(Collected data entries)
····················

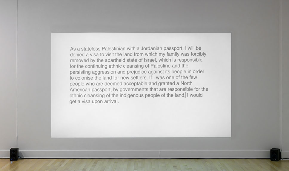 P pour Palestine est une exposition collective qui rassemble des œuvres conceptuelles, expérimentales et poétiques d’artistes de la Palestine et de la diaspora. Fondée sur la conviction que le langage est politique, l’exposition s’intéresse aux enjeux sémantiques et discursifs propres à la réalité palestinienne, tant actuelle que passée. Les œuvres sélectionnées partagent un lien particulier avec les mots — qu’ils soient écrits, signés ou parlés — pour évoquer, raconter ou encore nommer divers aspects de l’expérience palestinienne. Il en ressort des récits personnels qui brossent un tableau de la résistance et de la résilience face aux multiples formes de la violence coloniale. Dans le contexte où les voix palestiniennes sont souvent censurées ou peinent à se faire entendre, tant dans l’espace médiatique qu’artistique, l’exposition prend la forme d’une agora, d’un lieu de rencontres qui amplifie certaines de ces voix et ouvre un espace aux imaginaires palestiniens.
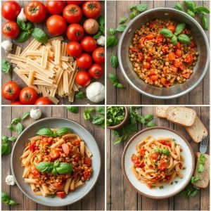 Pasta med tomatsaus og linser er en enkel og smakfull rett som kommer fra det italienske kjøkken, men med et sunt preg ved bruk av linser som plantebasert proteinkilde. Denne retten ble først populær som et raskt og mettende måltid, ideell for både hverdager og når man vil lage noe næringsrikt. Linsene gir sausen både fylde og en deilig tekstur, og sammen med tomatenes friske syre og krydderne får man en rett som både voksne og barn setter pris på. Jeg elsker denne retten for at den både er rask å lage og utrolig tilfredsstillende.
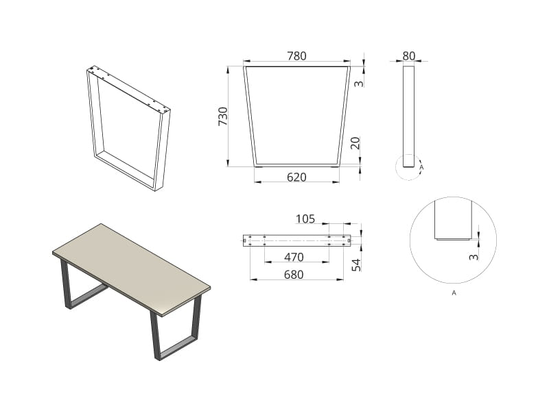 Stolové podnože SA971A 80×20 mm D780×H730 matná biela (2ks v sade)
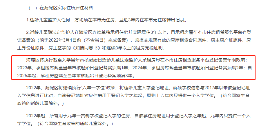 海淀区针对无房京籍在非户籍区海淀入学的适龄儿童,将执行截至入学当年审核起始日适龄儿童法定监护人承租房屋在本市住房租赁服务平台登记备案年限政策:2023年,承租房屋截至当年审核起始日登记备案须满1年;2024年,承租房屋截至当年审核起始日登记备案须满2年;自2025年起,承租房屋截至当年审核起始日登记备案须满3年。
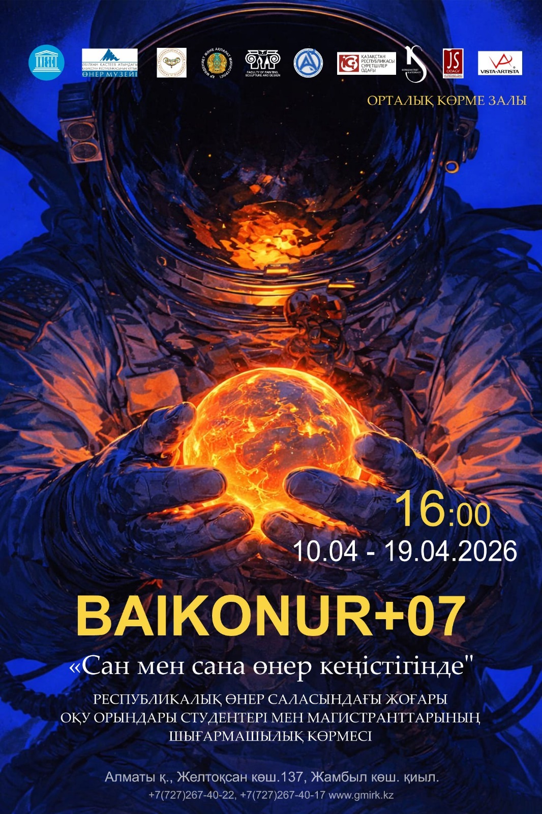 2026 жылдың 10 сәуір күні, сағат 16:00-де Алматы қаласындағы Әбілхан Қастеев атындағы ҚР Ұлттық өнер музейіне қарасты Орталық көрме залында «BAIKONUR+07 –  Сан мен сана өнер кеңістігінде» атты көрменің салтанатты ашылуы өтеді.

····················

Exercise description
Exclude the pictures, and output exactly the lines from the one with "Stolové podnože SA971A" through the last line of the records, both included.

Task response
 Stolové podnože SA971A 80×20 mm D780×H730 matná biela (2ks v sade)
 海淀区针对无房京籍在非户籍区海淀入学的适龄儿童,将执行截至入学当年审核起始日适龄儿童法定监护人承租房屋在本市住房租赁服务平台登记备案年限政策:2023年,承租房屋截至当年审核起始日登记备案须满1年;2024年,承租房屋截至当年审核起始日登记备案须满2年;自2025年起,承租房屋截至当年审核起始日登记备案须满3年。
 2026 жылдың 10 сәуір күні, сағат 16:00-де Алматы қаласындағы Әбілхан Қастеев атындағы ҚР Ұлттық өнер музейіне қарасты Орталық көрме залында «BAIKONUR+07 –  Сан мен сана өнер кеңістігінде» атты көрменің салтанатты ашылуы өтеді.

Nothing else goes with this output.